ASSIGNMENT ▸ Once the pictures are set aside, repeat all of the data below exactly.

DATASET SECTION ▸

== Segment start ==

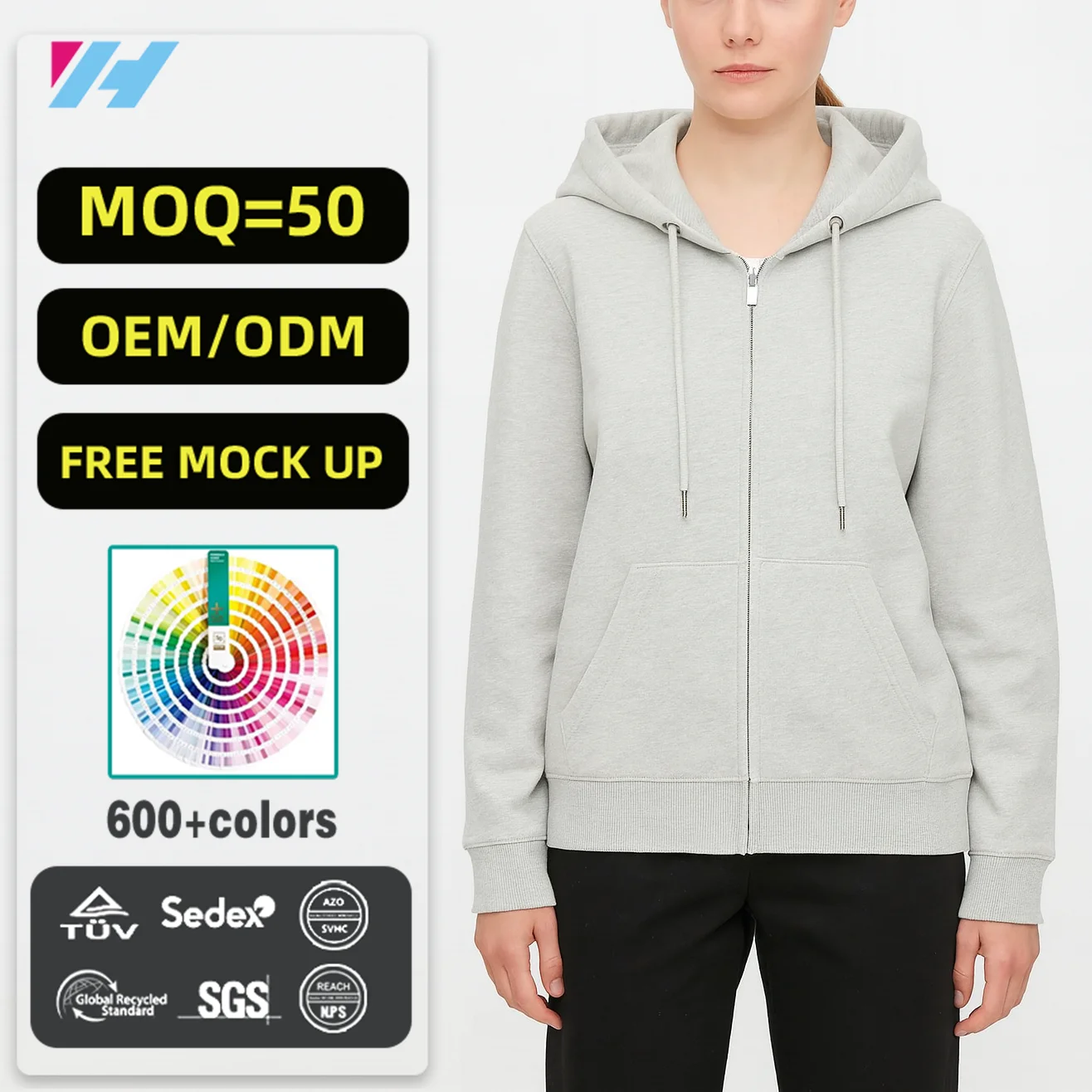 Custom Wholesale High Quality Manufacturer Streetwear Women Ladies Cotton Spandex Blank Zip up Hoodie
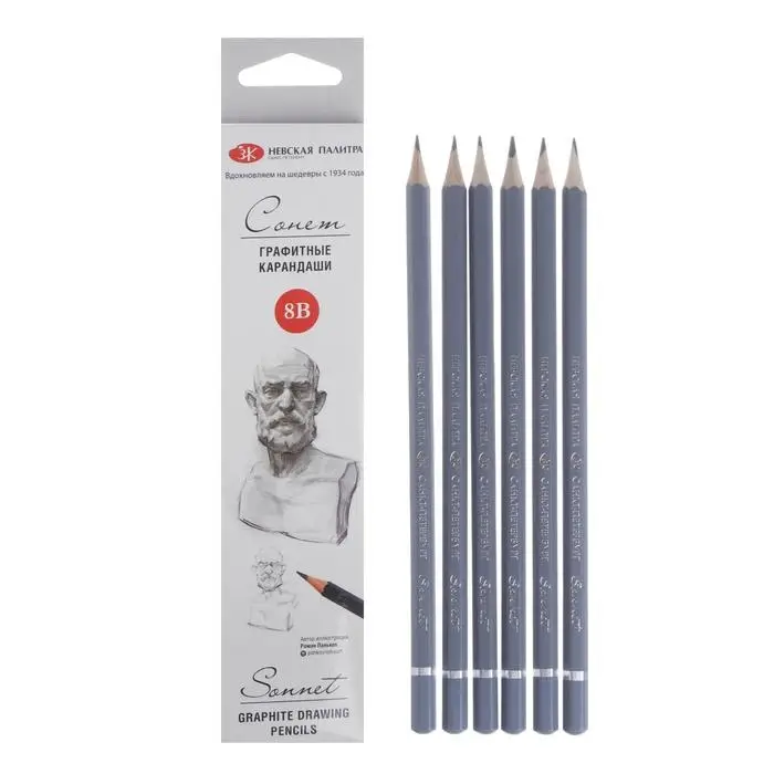 Карандаши "Сонет" идеальны для создания набросков, чертежей и других графических работ любой сложности. Изготовлены из высококачественного прочного графита в шестигранном корпусе из древесины липы диаметром 6,9 мм. Оптимальная толщина стержня позволяет создавать разнообразные эффекты. Карандаши отличаются гладкостью нанесения штриха, легко затачиваются. В набор входят карандаши твердостью 8В. Цветовая градация в дизайне корпуса карандашей обеспечивает комфортную работу.
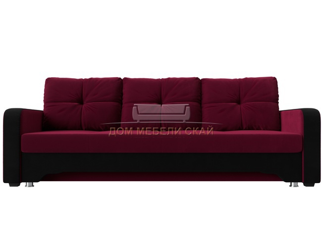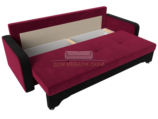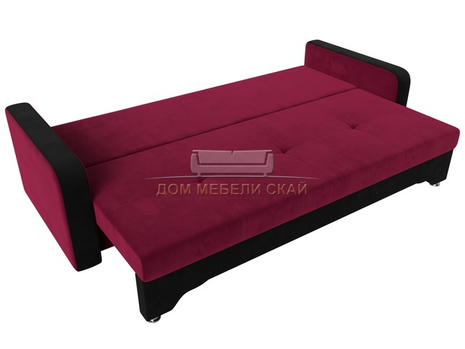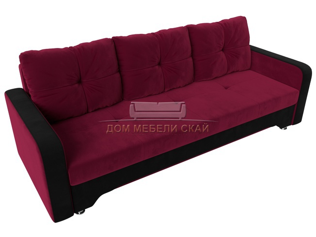 Диван-кровать Ник-3, бордовый/черный/микровельвет

== Segment end ==

ANSWER FOR THE TASK ▸
 Custom Wholesale High Quality Manufacturer Streetwear Women Ladies Cotton Spandex Blank Zip up Hoodie
 Карандаши "Сонет" идеальны для создания набросков, чертежей и других графических работ любой сложности. Изготовлены из высококачественного прочного графита в шестигранном корпусе из древесины липы диаметром 6,9 мм. Оптимальная толщина стержня позволяет создавать разнообразные эффекты. Карандаши отличаются гладкостью нанесения штриха, легко затачиваются. В набор входят карандаши твердостью 8В. Цветовая градация в дизайне корпуса карандашей обеспечивает комфортную работу.
 Диван-кровать Ник-3, бордовый/черный/микровельвет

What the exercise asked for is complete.